Consider, however, what occurs in a sealed sterile container of product with an air or nitrogen headspace. When an inoculum is applied to the underside of the stopper, and then subjected to the sterilization process (in the sealed container with heat supplied by steam on the outside of the container), the microorganisms are wholly inactivated provided there is steam contact with the surface where the microorganisms are placed (it is possible to inoculate where the stopper surface cannot be reached by the internally developed steam, in which case a moist heat resistant inoculum may survive). This occurs without any removal of air from the container and is in direct contrast with the expectation for minimal air in the moist heat process.
The situation inside the sealed container is similar to an autoclave without any air trap or condensate drain. The internal pressure in the headspace is higher than what would occur at equilibrium in a pure steam environment as a consequence of the non-condensable gases present in the container above the liquid surface. The absence of any gas removal from the container, accompanied with the destruction of the microorganisms internally, suggests that the presence of a substantial amount of non-condensable gases (as opposed to the minimal amounts tolerated by HTM-2010) has no adverse impact on the destruction of the microorganisms by moist heat. The notions of boundary layers and insulating effects of trace non-condensable gas on the sterilization process seem nonsensical in the face of complete kill without any air removal at all.

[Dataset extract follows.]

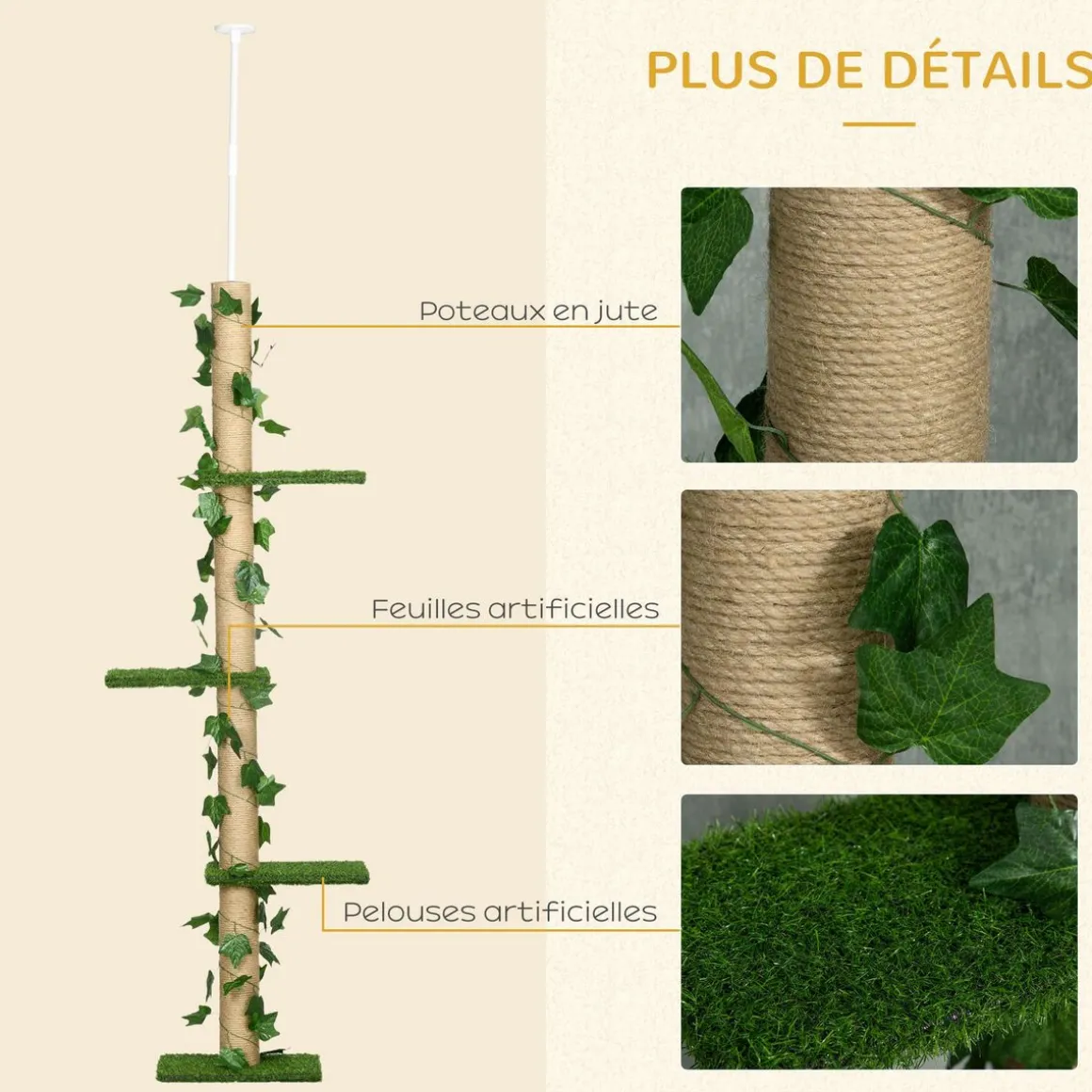 – Note : cet arbre de chat doit être fixé au plafond pour plus de sécurité. Conçu pour les plafonds faisant moins de 2,6 m de haut

The next “steam quality” element of concern is the potential presence of excessive moisture in the steam. The expectation here is that the steam will contain not more than 5% (10% for non-metallic loads) liquid in equilibrium with the gaseous steam . This is somewhat counter-intuitive to begin with: the very first thing that happens with saturated steam when it contacts a cooler object is condensation of the steam vapor to liquid water. Placing a restrictive limit on this makes little sense given what will occur naturally in the autoclave when the steam contacts the load (as well as the walls of the sterilizer).
Returning to the terminal sterilization model, the absurdity of the requirement is even more evident. In terminal sterilization of liquids, the challenge microorganism is placed in the liquid (in addition to the container-closure area noted above that is evaluated separately). Sterilization of solutions is readily accomplished where the moisture fraction is 100%, there being no steam present at all! The real effect of excessive moisture in saturated steam is to reduce the amount of heat available in the steam for heating the load elements to process temperature.
There is one more aspect of the moisture fraction that bears discussion. Moist heat sterilization derives its name from the presence of moisture in the heating process. Dry steam that does not condense during the sterilization process is no more effective than hot air in the sterilization of materials. Water must be present to attain sterilization in the 120°C to130°C range in the desired time period. Without liquid water, moist heat sterilization is impossible. A misnomer that seems all too common in this area is that of “dry saturated steam”. No such material exists in reality, as the most basic of requirements for saturation is the presence of both phases; liquid and gas.